Malgré la dépendance croissante du pays à l'égard de l'énergie étrangère, le gouvernement du président de gauche Gustavo Petro a défendu l'interdiction de la fracturation hydraulique et a imposé des règles plus strictes d'exploration et de production de pétrole et de gaz conventionnels, créant des retards et limitant les possibilités pour les investisseurs privés dans l'industrie.
L'exploration le long de la côte des Caraïbes de la Colombie s'est principalement terminée par la déception alors que les principaux producteurs comme Shell (Shel.L), ouvrent un nouvel onglet, ont quitté le pays et d'autres, dont Chevron (CVX.N), ouvre un nouvel onglet, ont rétréci les opérations.
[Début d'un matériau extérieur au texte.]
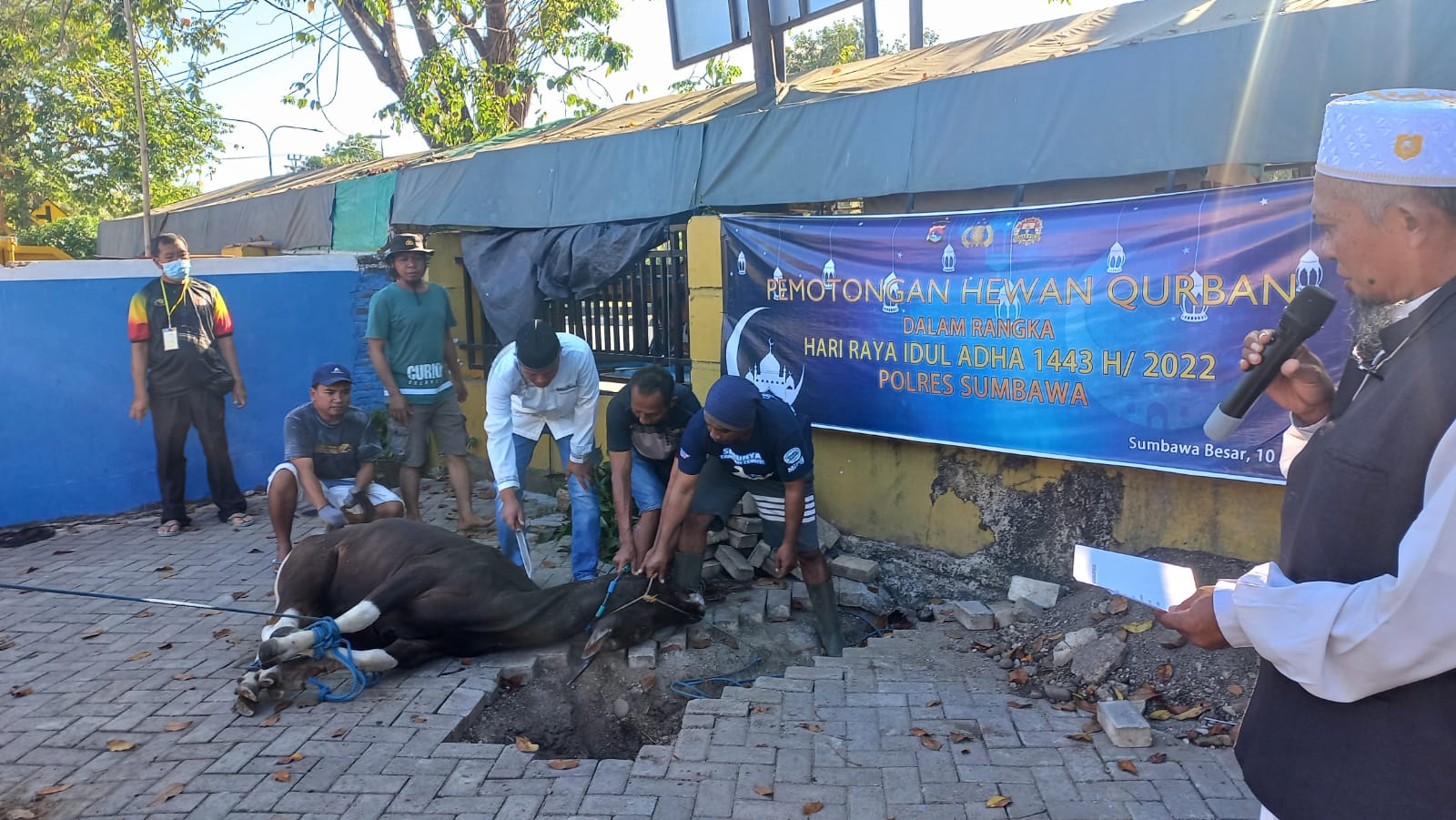 Polres Sumbawa pada Idul Adha 1443 H Tahun 2022 ini memotong hewan kurban sebanyak 9 ekor sapi. Pemotongan hewan kurban berlangsung usai Sholat Ied di halaman parkir Polres Sumbawa, Minggu, (10/7/2022). Menariknya, Kapolres Sumbawa bertindak sebagai salah satu penjagal dalam pemotongan hewan kurban tersebut.

Plus tôt cette année, le bloc offshore restant de Chevron en Colombie a été retiré de la liste des zones actives du régulateur à la demande de la société.
L'entreprise américaine, qui avait précédemment vendu des participations dans deux autres champs de gaz offshore dans le pays andin, a maintenant réduit sa présence pour alimenter la vente au détail, ont indiqué des sources de l'entreprise. Chevron a déclaré à Reuters qu'il avait toujours "une présence considérable en aval dans le pays", dont six terminaux et plus de 500 stations-service.
Shell a déclaré en avril que les projets de Colombie ne correspondaient plus à ses ambitions stratégiques, ajoutant qu'elle continuerait à fournir du gaz naturel liquéfié et d'autres carburants à la nation.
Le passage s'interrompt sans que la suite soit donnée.